In practice, not only the values of the predicted value for objects similar to the object of forecasting or this value itself in the past are most often known, but also other values that affect the predicted value or change together with it. In this case, they say that there is a connection between these values and the use of knowledge about this relationship can significantly improve the accuracy compared to forecasting on a sample.
Consider the simplest case of pair dependence, when there is a predicted value and only one value affects it.
Let’s denote the desired predicted quantity through Y and call the dependence a variable, and the alternating variable through X and call it an independent variable.
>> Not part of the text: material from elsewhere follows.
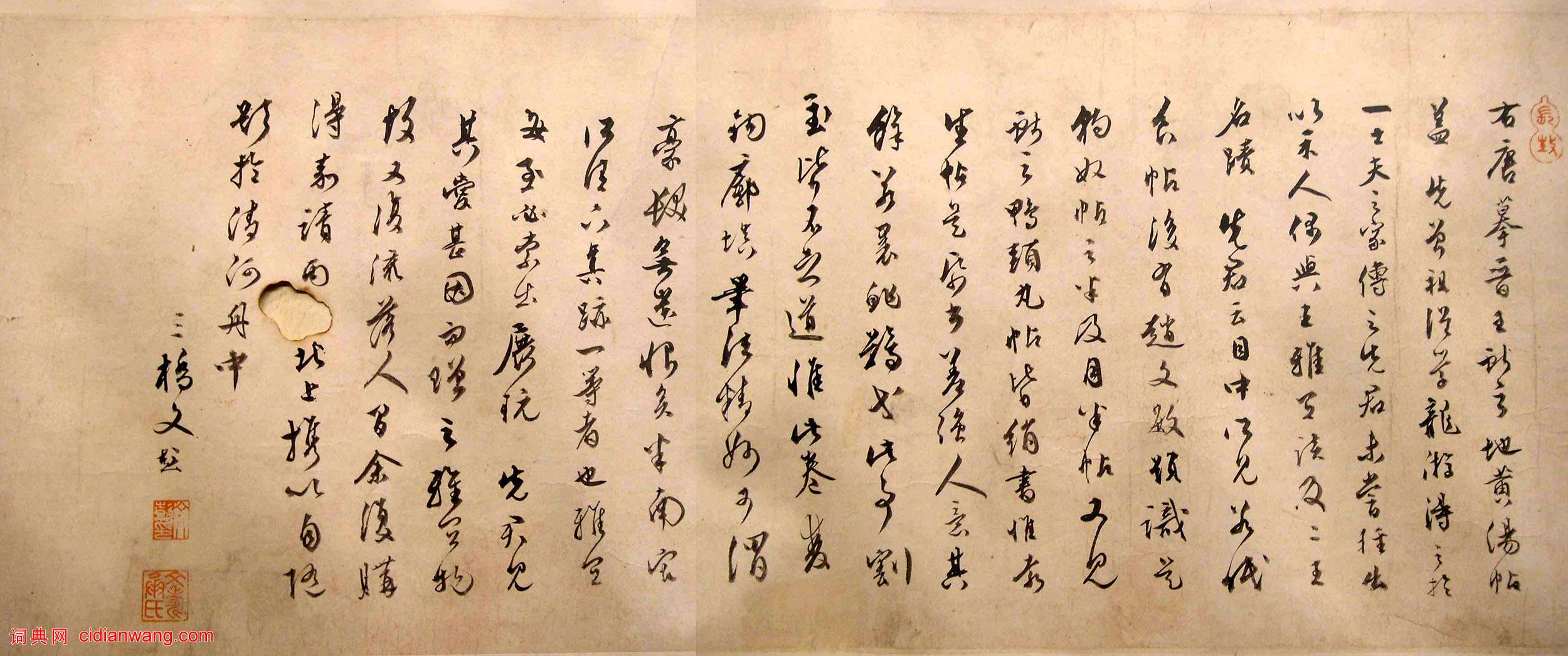 文彭在書帖贉紙後的題識中說:“右唐摹晉王獻之地黃湯帖,蓋先曾祖從學龍游,得之於一士大夫之家,傳之先君。”

The relationship between the dependent and the independent variable can be functional, in this case, each value of the independent variable corresponds to one specific value of the dependent variable, graphically such a connection is expressed by a line on the graph. The second type of connection is a probabilistic (stochastic) relationship, in which case several values of the dependent variable correspond to one value of the independent variable. Graphically, a probabilistic relationship can be represented as a certain point cloud (Fig. 12). Moreover, the frequency of occurrence of different values of the variable Y at the same value obeys some law, i.e. has a certain type of distribution, the same in the entire range of values of the independent variable.
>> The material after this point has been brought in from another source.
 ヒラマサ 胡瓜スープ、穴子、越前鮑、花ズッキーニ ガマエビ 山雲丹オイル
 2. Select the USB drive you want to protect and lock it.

Fig.12. Functional (a) probabilistic (b) connection of variables.
The regression equation is used to describe the probabilistic relationship of variables. In the ideology of regression analysis lies the idea of all possible values of variables X and Y as random deviations from their average values and .The regression equation establishes a relationship between the deviations of the dependent and independent variables from their average values. It should be emphasized that in regression analysis we are talking about the relationship (a certain degree of jointity of change) Y and X, and not the dependence of Y on X. In other words, regression analysis does not establish the fact of the influence of X on Y, in fact it can be the opposite influence – Y affects X, or both the variables Y and X depend on the third or third variables. In all these cases, there will be some consistency in the change in the X and Y values, and this consistency can be established using the regression equation.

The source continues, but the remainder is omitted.